# The Job from HELL



## That One Guy (May 4, 2008)

So I have a friend approach me to photograph his daughter's graduation reception. Normally I am just a portrait photog, but what the hell I'll try event photography. We discuss the when and where and of course the $$ (I gave him a friend discount). The reception was to be held outside.....in my mind I'm thinking Hell yeah!! He wanted candid type photographs (his words:"just walk around taking pics of everybody") and he wanted just a couple of portraits.....again I'm thinking Hell yeah!! 
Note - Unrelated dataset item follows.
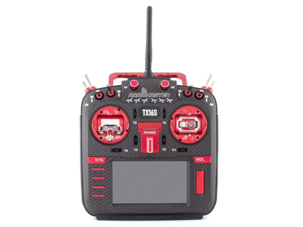TX16S MKII MAX AG01 Gimbal 4-in-1 The best just got better! Introducing the TX16S Mark II Max radio - the ultimate open-source radio. - Improved internal circuitry and optimized power supply. - New charge circuitry with integrated reverse-polarity protection. - Optimized charge IC now allows up to 2.2A internal USB-C charge current. - Rear-mounted audio jack provided headphone output. - V4.0 Gimbal improved centering and temperature stability (Same circuitry as AG01). - Optional high/low rear grips are included for improved ergonomics. - Improved S1/S2 knobs with clear center detents. - Improved LS/RS Sliders with smoother feel and better center detents. - Redesigned battery cover for improved battery access. - Retooled body shell with improved fit and finish. - Trainer socket changed to standard TRS 3.5mm socket. - Rear DIY Socket added for personalized mods. - Improved internal plastics for better longevity. - Available ELRS and 4in1 versions. - MAX units feature carbon look face plates and CNC finishing components and buttons. Item: TX16S Mark II Max Radio Controller Version: 4-in-1 (LBT) Gimbal: AG01 Hall Gimbal Color: Carbon Fiber Red Note: 4in1 LBT Version (Europe) is limited to LBT compliant protocols FrSKY X/X2 LBT, HoTT LBT and DSMX Specification: Size: 287x129x184mm Weight: 750g (without battery) Transmission frequency: 2.400GHz-2.480GHz Transmitter module: Option 1: Internal 4-in-1 multi-protocol module (CC2500 CYRF6936 A7105 NRF2401); Option 2: Internal ELRS (SX1280) Transmitting power: Internal 4-in-1 multi-protocol module : Max 100mw (protocol dependent); Internal ELRS : Max 250mw (transmitting power is adjustable) SD card: 256MB by default, 8GB maximum Antenna gain: 2db (transmit power adjustable) Working current: 400mA Working voltage: 6.6-8.4v DC Remote control distance:> 2km @ 22dbm Radio firmware: EdgeTX Module Firmware: Multiprotocol- Module (4IN1) -OR- ExpressLRS (ELRS) Channels: Up to 16 channels (depending on the receiver) Display: 4.3-inch TFT full-colour touch display with a resolution of 480 * 272 Gimbal: Option 1: V4.0 Hall sensor with Aluminium fascia; Option 2: AG01 CNC Hall sensor Module Bay: JR compatible module bay Upgrade method: Supports USB-C online / SD card offline upgrade

My plan: Take 1 off cam flash. capture some photos and do some really nice portraits. I would have loved to have taken my laptop and other lighting, but no electric. oh well, at least i have the good ol' sun as my main light  and this 1 flash as my fill.

easy right? wrong!!

here's where it all went to hell:

The reception was being held inside. inside?:stun: what the hell happened to outside? "oh sh#t!!!" i'm thinking to myself. if i had known this i would have brought more stuff to do a better job.
to make matters worse.......the place was lit with fluorescent lights. mixing off cam flash with fluorescent lights!!!!! "F@#K ME!!!" i'm screaming inside my head. wb nightmare

now the job was for 1 hour worth of pic snapping. well people didn't start showing up until my hour was almost up. he was getting upset because this moment was special to him and people weren't there to share in it. had this been any other client i would have said "time is up. sorry no one showed" but this is a friend so now i extend my time limit. the guests that arrived early were drunk on moonshine by the time the other guests got there. nice! now i have to worry about my stuff gettin f'd up

the whole time i am taking pics and dodging drunks, i am worried about wb and colors in the post work and wondering how well it will all turn out. i am way out of my element on this. i want to do a good job because alot of people took my biz cards. if he tells them "hey this guy does terrible work" then sell the sh#thouse cause i've lost my a$$.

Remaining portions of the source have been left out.